When my gate was finally announced 20 minutes prior to departure, I hurried off to walk outside onto the tarmac to find a bus sitting there. Remembering my trip to Chicago in which the return train trip was cancelled and we were put on a bus, I was thinking OH DEAR GOD PLEASE NOT A BUS ALL THE WAY TO KöLN. But the bus shuttled us off even further into no-man's-land tarmac and we got on this beast of a prop plane.
My flight from Paris to Köln was filled with this one really loud, obnoxious German family that kept yelling from the front of the plane to the back, but luckily I had my own seat next to the window.I couldn't sleep over the din of the children screaming and the noise of the wind through my (I swear it was cracked) window. By the time I got to the Köln airport, I felt like I was never going to make it, and due to the lack of sleep or lack of food or something, I was kind of twitching like a crack addict which was embarrassing. The Köln airport was basically like no-man's land. There was hardly anyone there. I followed the signs to the trains, and got on a train to the actual train station. That was an ordeal in itself, because I didn't have any 5 or 10 Euro bills, so I had to go buy something, come back and buy a ticket, then get on the wrong train where I couldn't lift my suitcase up the steps due to the weak arms and twitching (a nice German man helped me) and my ticket wasn't even checked. (Insert deep breath here). I finally made it to the Köln train station where I trekked to the opposite end to find the information desk, and was informed that a speed train was leaving in six minutes. So I raced (or whatever you call hobbling with weak arms dragging my suitcase and camera bag and million pound backpack with all my layers of clothing and sweating) all the way back to the other end. I took the escalator up to the platforms only to find out I was on the wrong side of the tracks. So I went back down and came up on the right side, boarded the train that was already there, and sat down in the first seat available. Turns out that seat was first class and cost 18 more Euro than second class. But a stampede of elephants was not going to make me pick up my bags and move, so I gladly handed over the money and made it to Aachen. Praise Jesus, my hotel was right across the street from the exit of the train station, so I walked over to it, dragging my baggage across the cobblestone street while the wheels rattled like they were about to die. Here's a picture of my hotel (I didn't take this though).
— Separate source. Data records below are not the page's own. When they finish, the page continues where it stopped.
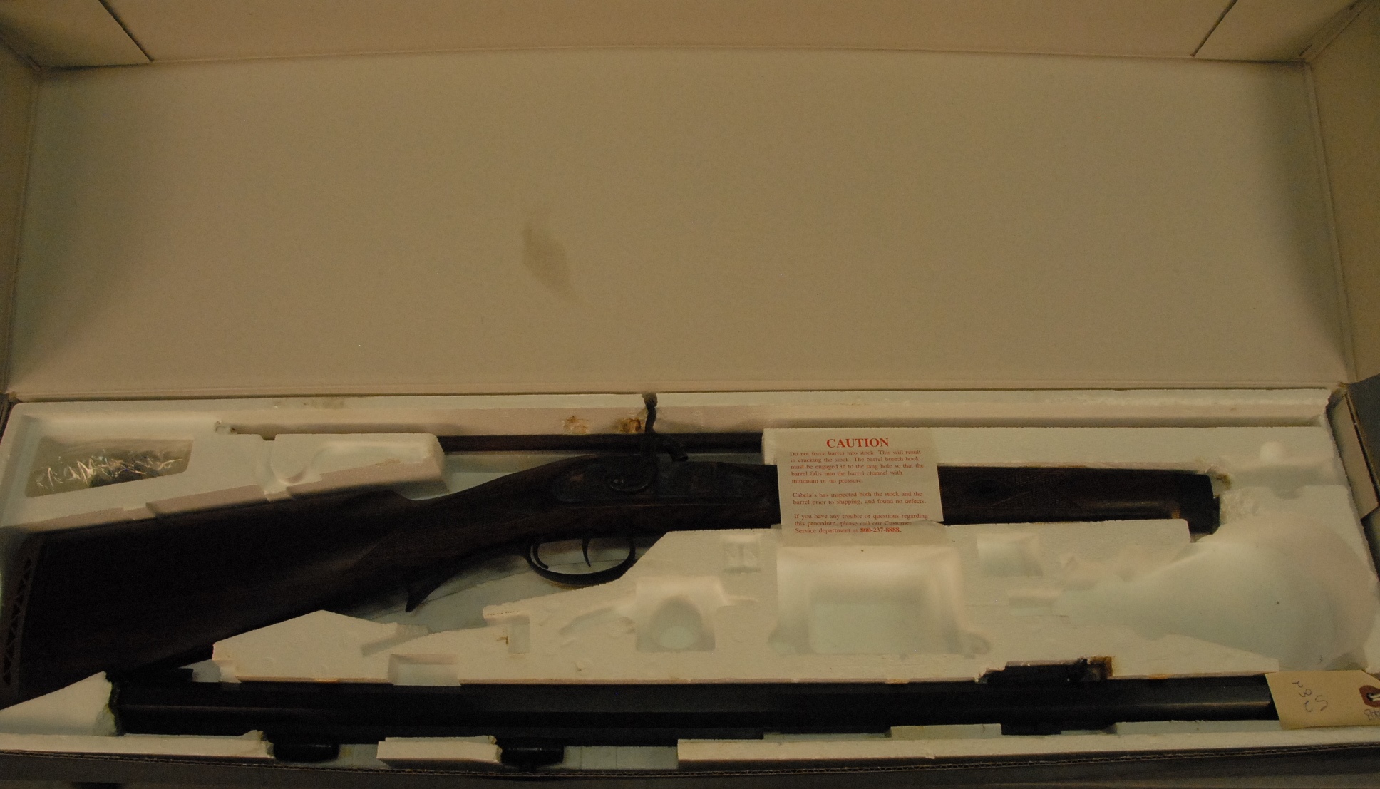Two percussion guns including AMR muzzle loading 20 gauge shotgun s/n 1790B and Cabela’s new in box .54 Hawken style muzzle loader rifle unfired no s/n.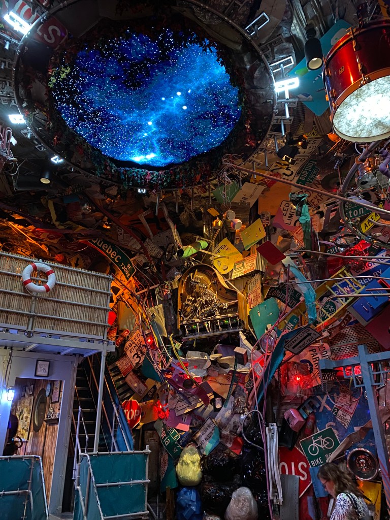 Et pour finir, deux autres resto notables, mais uniquement pour la décoration. Les deux étant des chaines, il ne faut rien attendre côté nourriture. Old Spaghetti factory, le petit a adoré manger dans le « train ». Et Joe’s crab shack pour lequel je n’ai pas pris de photo mais en même temps ça n’aurait rien rendu. Y’avait des serveurs avec des dégaines et des coupes de cheveux, on se serait cru dans les années 80/90 (ou en Pennsylvanie 🤫😂), musique et programmes TV également de ces décennies. Le tout saupoudré de poissons géants accrochés au plafond et tables décorées avec des autocollants et de la glue pailletée. Une vraie ambiance !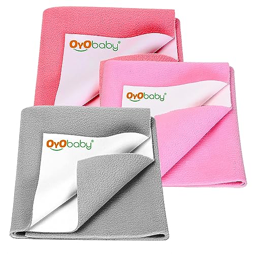 OYO BABY Anti-Piling Fleece Extra Absorbent Instant Dry Sheet for Baby, Baby Bed Protector, Waterproof Sheet, Small Size 50x70cm, Combo Pack of 3, Salmon Rose, Pink, & Grey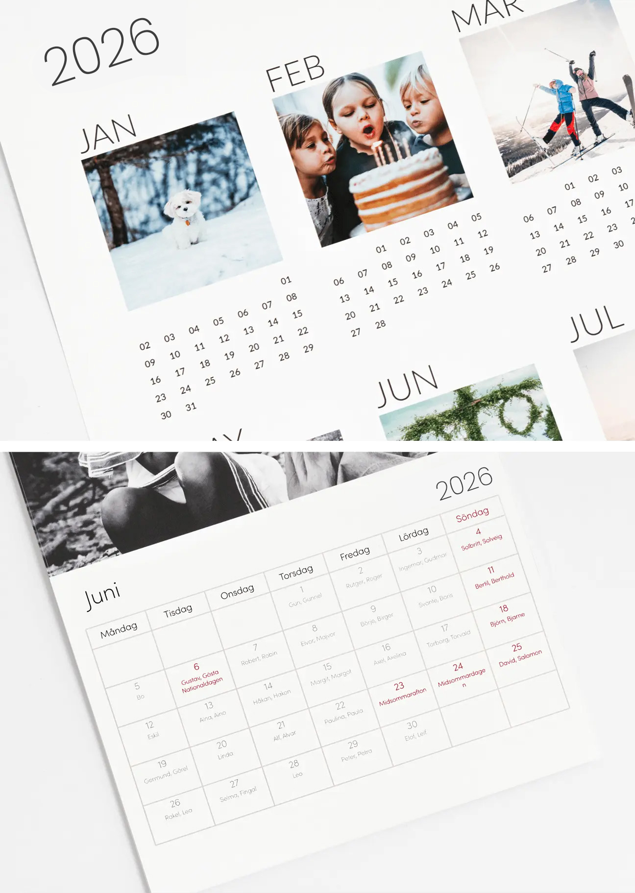 Klassisk fotokalender 2026 med svenska namnsdagar och helgdagar. Alla kalendrar tillverkas i Sverige och du kan enkelt skapa din egen genom att lägga till personliga bilder och texter. Designa direkt på mobil, surfplatta eller dator – snabbt och smidigt. Våra fotokalendrar trycks med samma prisbelönta teknik som våra fotoböcker, vilket ger hög kvalitet på varje sida.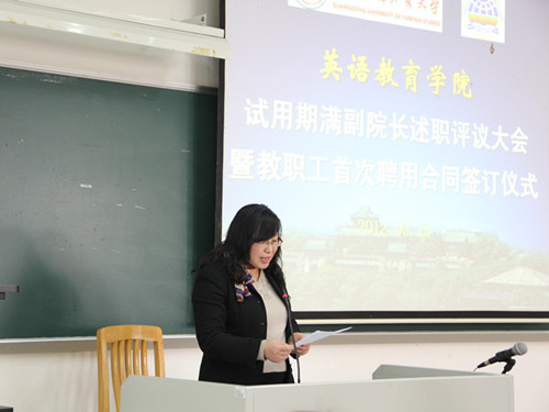 随后,霍海洪给学院全体教职工阐述了关于首次聘用合同签订工作的重要意义。霍海洪指出,教工岗位责任聘任是我校人事制度改革的一项重大举措,聘用合同的签订将更加明确每位教职工的岗位职责,年度评优考核等工作都将与岗位职责挂钩,明确职责,工作才能做到有的放矢,因此,学院全体教职工务必认真对待聘用合同的签订工作。关于教职工首次聘用合同签订的具体规定由董金伟作了全面解读,并从教学工作、科研工作、学科建设、社会服务和其他约定五个方面,分教授、讲师两个等级逐条讲解广东外语外贸大学聘用合同补充协议规定。在首次签订聘用合同的具体操作程序则由曾国华详细说明,要求学院全体教职工按照具体操作程序现场认真完成了首次聘用合同的签订。

The door was locked when I got to it, so I followed the sign around the corner to another hotel to get the key from the receptionist there. He was a nice English speaking German man who gave me a map to the city and held the door open for me and my luggage.
It also turns out that the first floor in Germany really means the second floor, as it goes Ground, 1, 2, 3...etc.
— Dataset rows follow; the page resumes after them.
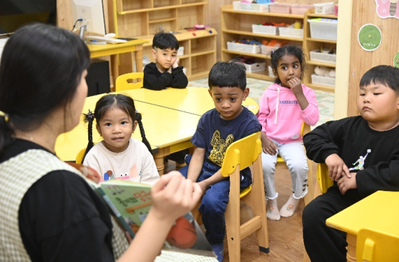 | ↑↑ 대구 최초 외국 아동 누리보육료 완전 지원 실현 사진 1(지난 20일 대구 달성군 논공읍의 한 어린이집에서 수업을 듣고 있는 외국인 아동들.) |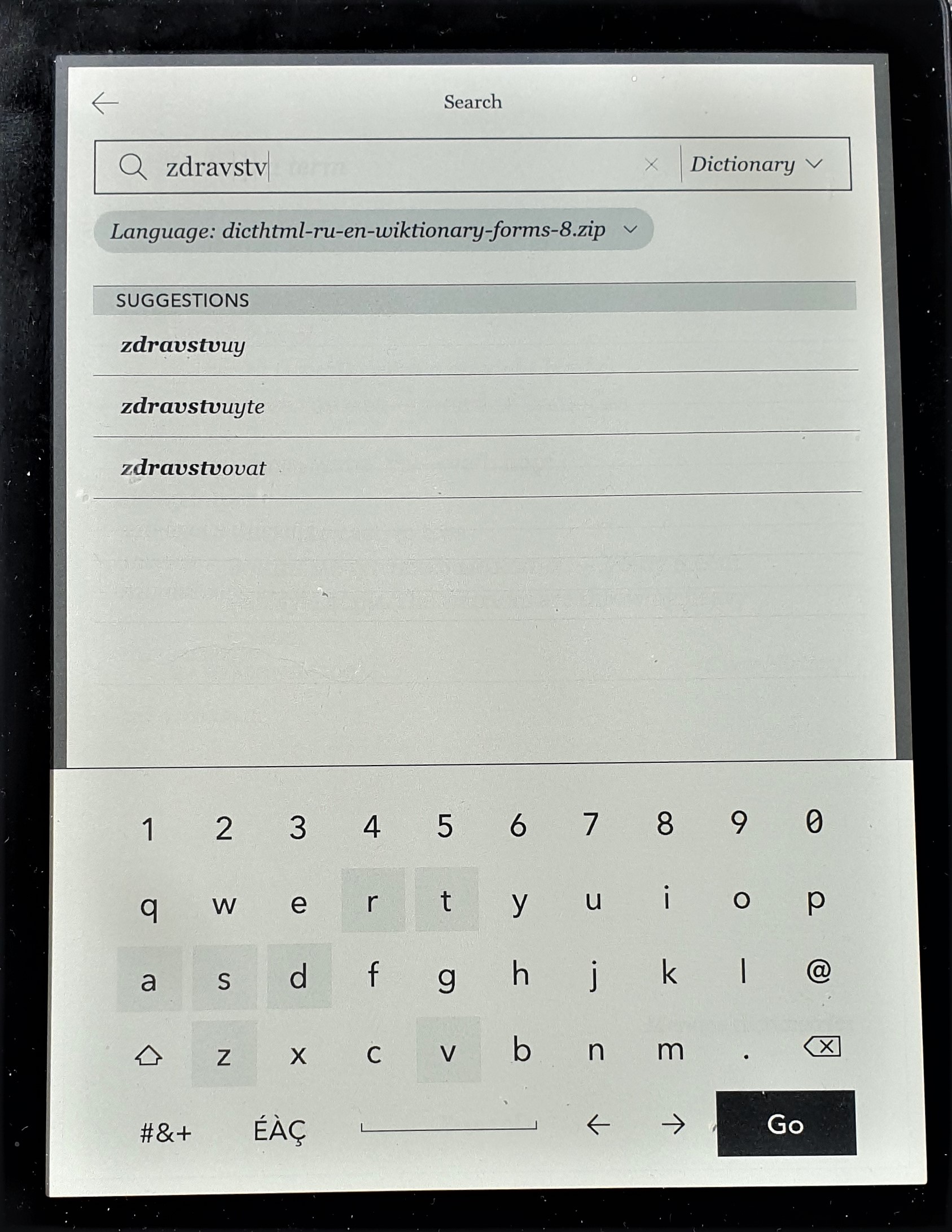 1. Vocabulary: 48 000 words (bigger vocab than ru-en Stardict) 2. Matching forms: 583 000 forms! 3. Shows the form of the selected word, for example, if it is genitive, or instrumental. Past, Future, imperative, participle, etc. 4. Shows the stress accent, so you know how to pronounce 5. Examples, all the great examples from Wiktionary 6. Romanized lookup, so it works great out of the box, without needing to install cyrillic keyboard. This is based on simplified romanization https://en.wikipedia.org/wiki/BGN/PC...ion_of_Russian The file is 26 MB, over the limit of uploads to mobileread. So you can download it over here. Download: https://fastupload.io/IAWQuDH5N0Jz54e Have fun! |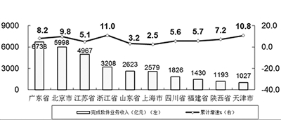 主要软件大省业务收入增速持续回升。上半年,软件业务收入居前5名的省份中,广东、北京、江苏、浙江和山东分别增长8.2%、9.8%、5.1%、11.0%和3.2%,5省市合计软件业务收入占全国比重为66.1%。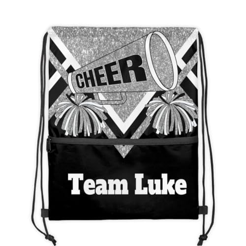 trending ! Drawstring Backpack with Name, Cheerleading Competition Drawstring Gym Bags Drawstring Beach Bag for Dance Gym Sports Travel, Silver Glittering Black Cheer Team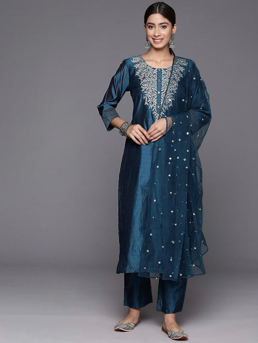 Sequins Embroidered Kurti Plazzo Dupatta Set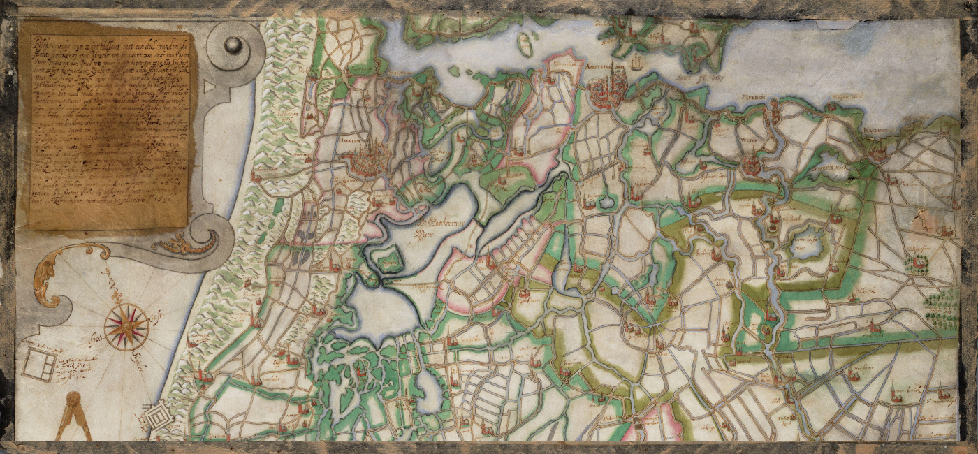 Al op een kaart van 1591 is te zien dat het Spieringermeer, het Oude-Haarlemmermeer en het Leidse Meer nauwelijks van elkaar gescheiden zijn en hun omgeving regelmatig bedreigden (figuur 1). De kaart was in feite een noodkreet. De ridder van Heemstede had deze besteld om het Bestuur van het Hoogheemraadschap Rijnland te overtuigen dat maatregelen nodig waren. Zijn kasteel kwam steeds dichter bij het water te liggen.

After a grueling 20 hour trip, I had no desire to brave the local German cafes and instead opted for the only thing I could remember how to say, "McChicken".
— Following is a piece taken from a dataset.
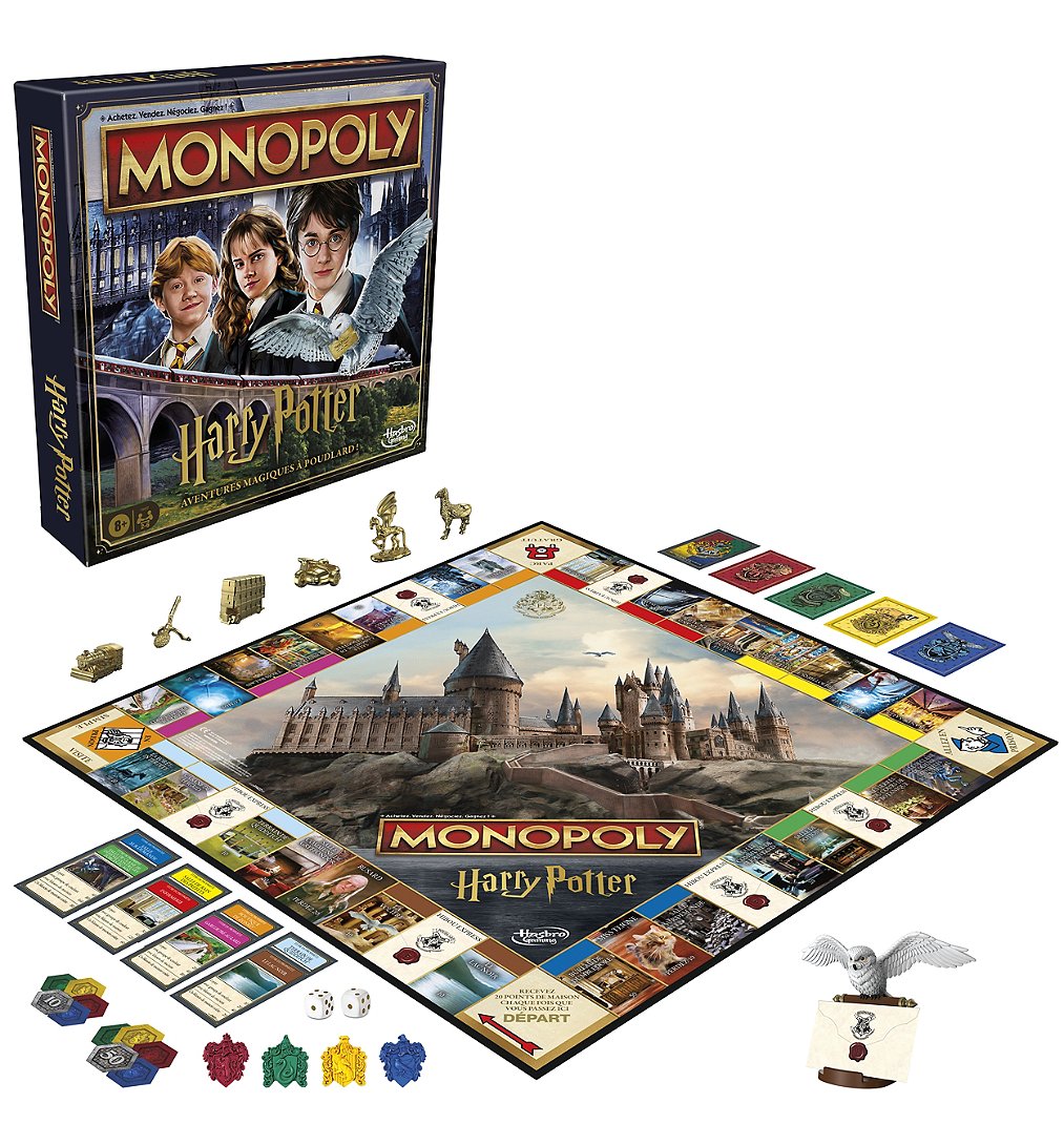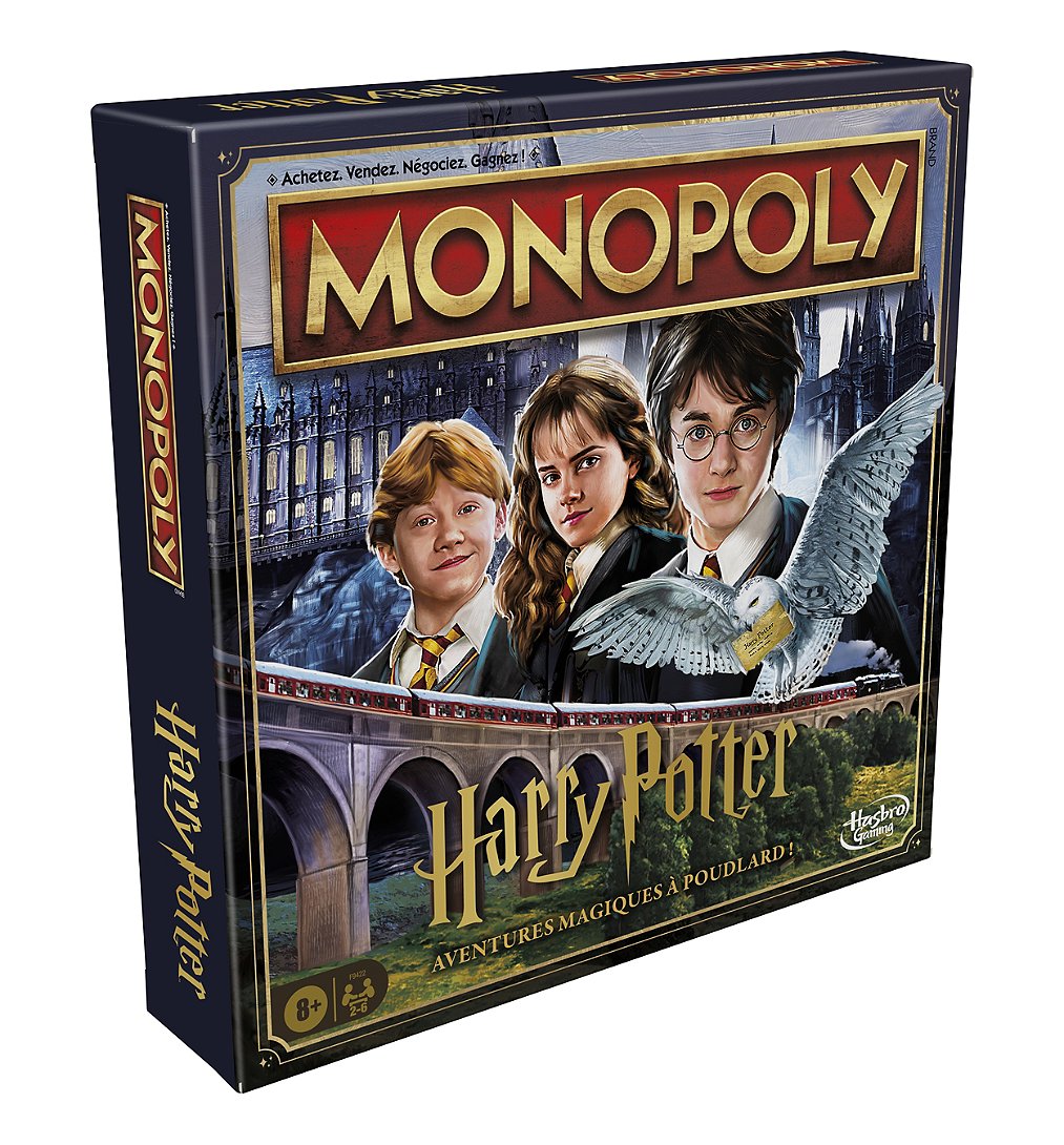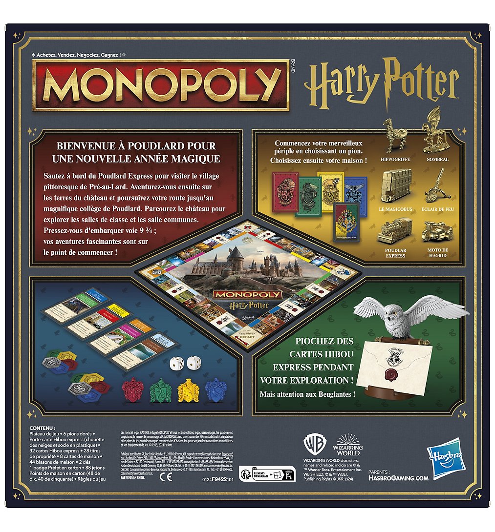 - INSPIRÉ DE HARRY POTTER : Bienvenue à Poudlard ! Les joueurs incarnent un élève dans le jeu de plateau Monopoly Harry Potter qui combine le jeu Monopoly classique aux illustrations, aux lieux et à la thématique du monde des sorciers - PIONS DORÉS EMBLÉMATIQUES : Les joueurs parcourent le plateau avec un des six pions dorés sur le thème des transports enchantés : hippogriffe, Magicobus, Poudlard Express, moto de Hagrid, Sombral et Éclair de feu - CHOISIR UNE MAISON : Gryffondor, Poufsouffle, Serdaigle ou Serpentard ? Chaque joueur choisit une carte de maison pour laquelle il recevra des points pendant la partie - PLATEAU DE JEU SUR LE THÈME DE POUDLARD : Les joueurs explorent les salles de classe, les salles communes et les autres lieux préférés de Poudlard et les environs ! Plus un joueur explore de lieux, plus il recevra de points de maison des autres joueurs - CARTES ET PORTE-CARTE HIBOU EXPRESS : Les cartes Hibou express remplacent les cartes Chance et Caisse de communauté. Les joueurs piochent une carte sous la figurine de chouette des neiges. Mais attention aux Beuglantes, elles pourraient nuire à votre jeu - UN CADEAU POUR LES FANS DE HARRY POTTER : Un bel emballage et un grand soucis du détail créent une expérience de déballage envoûtante. Le jeu de plateau pour enfants est un cadeau merveilleux pour les fêtes ou l'anniversaire des fans de Harry Potter (à partir de 8 ans) - SOIRÉE DE JEUX EN FAMILLE : À la recherche de jeux de plateau amusants pour la famille, les enfants et les adultes ? Cette édition du jeu Monopoly est un super jeu d'intérieur pour une soirée de jeux en famille et pour les réunions entre amis. Pour 2 à 6 joueurs

For breakfast this morning, I ate in the little breakfast nook where they had a buffet of bread, cheeses, fruit, cereal, and weird eggs in cups that I didn't understand, so I didn't eat those. A lady offered me the choice of Kaffee oder Tee, so I had a nice cup of hot tea as well as some freshly squeezed orange juice. All in all, it definitely feels like I'm in Europe.Wilkommen zu Aachen!